2014-03-18	Fix operator buffering of inline images.	Robin Watts
	Previously pdf_process buffer did not understand inline images. In order to make this work without needlessly duplicating complex code from within pdf-op-run, the parsing of inline images has been moved to happen in pdf-interpret.c. When the op_table entry for BI is called it now expects the inline image to be in csi->img and the dictionary object to be in csi->obj. To make this work, we have had to improve the handling of inline images in general. While non-inline images have been loaded and held in memory in their compressed form and only decoded when required, until now we have always loaded and decoded inline images immediately. This has been due to the difficulty in knowing how many bytes of data to read from the stream - we know the length of the stream once uncompressed, but relating this to the compressed length is hard. To cure this we introduce a new type of filter stream, a 'leecher'. We insert a leecher stream before we build the filters required to decode the image. We then read and discard the appropriate number of uncompressed bytes from the filters. This pulls the compressed data through the leecher stream, which stores it in an fz_buffer. Thus images are now always held in their compressed forms in memory. The pdf-op-run implementation is now trivial. The only real complexity in the pdf-op-buffer implementation is the need to ensure that the /Filter entry in the dictionary object matches the exact point at which we backstopped the decompression.
2014-03-17	Ensure that small images don't subdivide more than they should.	Robin Watts
	Gridfitting can increase the required width/height of images by up to 2 pixels. This makes images that are rendered very small very sensitive to over quantisation.

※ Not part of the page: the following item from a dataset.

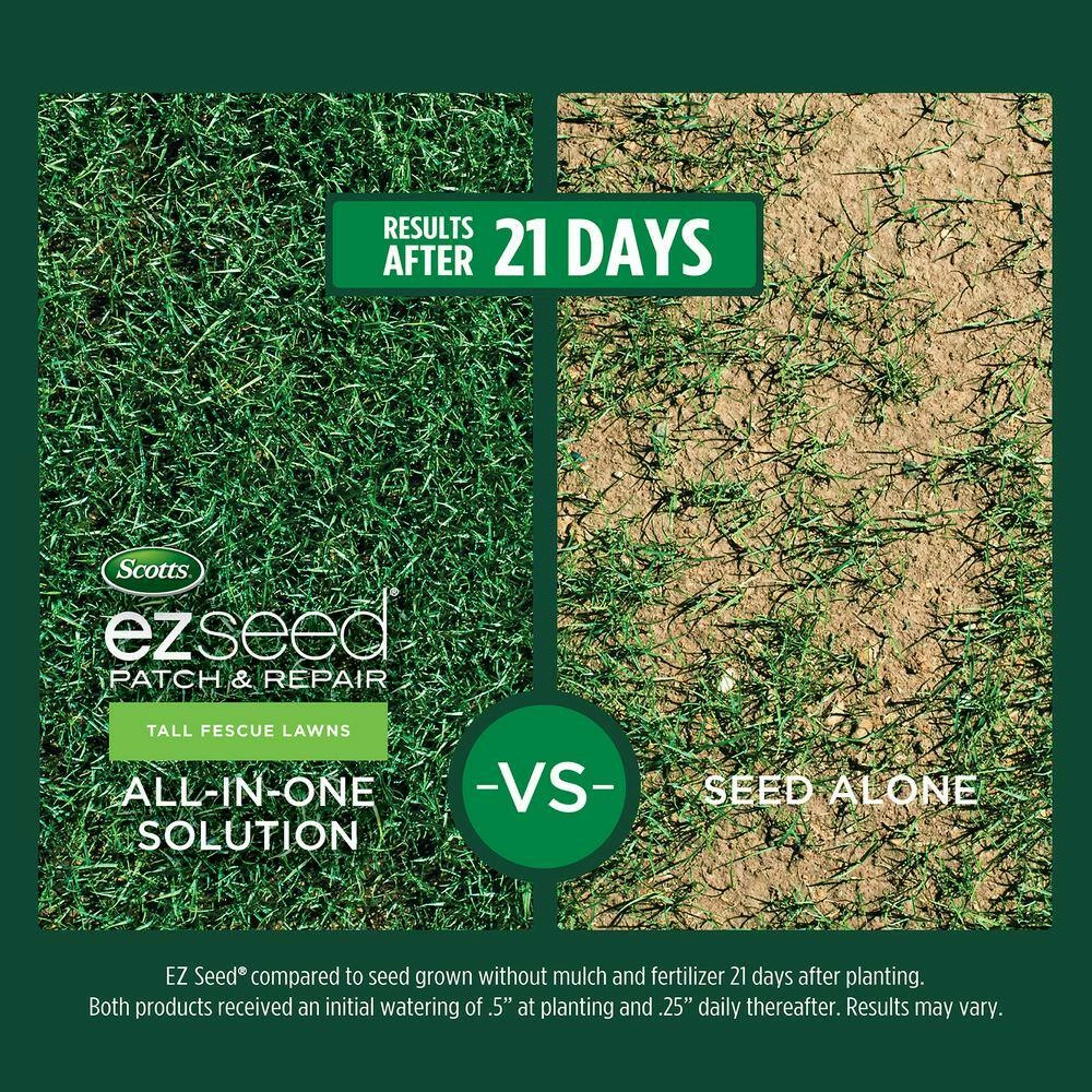Scotts EZ Seed Patch & Repair Tall Fescue grass is a revolutionary grass seeding product designed to fill in bare spots on your lawn. This Tall Fescue grass seed grows in tough conditions, including full sun, dense shade, high-trafficked areas, and on slopes. Scotts EZ Seed Patch & Repair consists of high performance grass seed, continuous release lawn food, and super-absorbent growing mulch material. Scotts EZ Seed Patch & Repair Tall Fescue grass also includes a tackifier to help reduce seed wash-away and a protectant to help keep seedlings safe from harmful diseases. There are three easy steps to success: 1) prep the area by removing dead grass and loosening hard soil, 2) evenly apply EZ Seed so the area is mostly covered but bare ground is still visible, and 3) saturate with water until no more water is being absorbed and mulch turns dark brown. Plant seed in the spring or fall when daily average soil temperatures are consistently between 55°F and 70°F, or air temperatures between 60°F and 80°F. For best results, keep kids, pets, and lawn mowers off newly planted seedlings until the grass is 3 inches high.

This can produce 'mushier' images than it should, for instance on tests/Ghent_V3.0/090_Font-Support_x3.pdf (pgmraw, 72dpi)

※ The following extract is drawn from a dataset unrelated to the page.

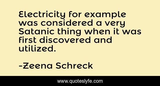 This page presents the quote "Electricity for example was considered a very Satanic thing when it was first discovered and utilized.". Author of this quote is Zeena Schreck. This quote is about electricity, satanism, satan,.

2014-01-17	Avoid overflows in floating point causing illegal accesses	Robin Watts
	If the scale is too large, the calculation to determine the required size of a pixmap can overflow. This can lead to negative width/heights being passed in, which confuses the subsampling code, leading to SEGVs.
2014-01-16	fix memory leaks in pdf_load_jpx and fz_new_image_from_pixmap	Simon Bünzli
	fz_new_image_from_pixmap expects that the pixmap's colorspace has two references which is contrary to expectations. If it instead addrefs the pixmap's colorspace, the only caller pdf_load_jpx can consistently drop the colorspace after passing it to fz_load_jpx. Also, if the contract is that whatever is passed into fz_new_image_from_pixmap belongs to the new image, then the pixmap also has to be dropped on error so that it isn't leaked.
2014-01-06	add stub files for JPEG-XR support	Simon Bünzli
	See SumatraPDF's repo for a Windows-only implementation using WIC.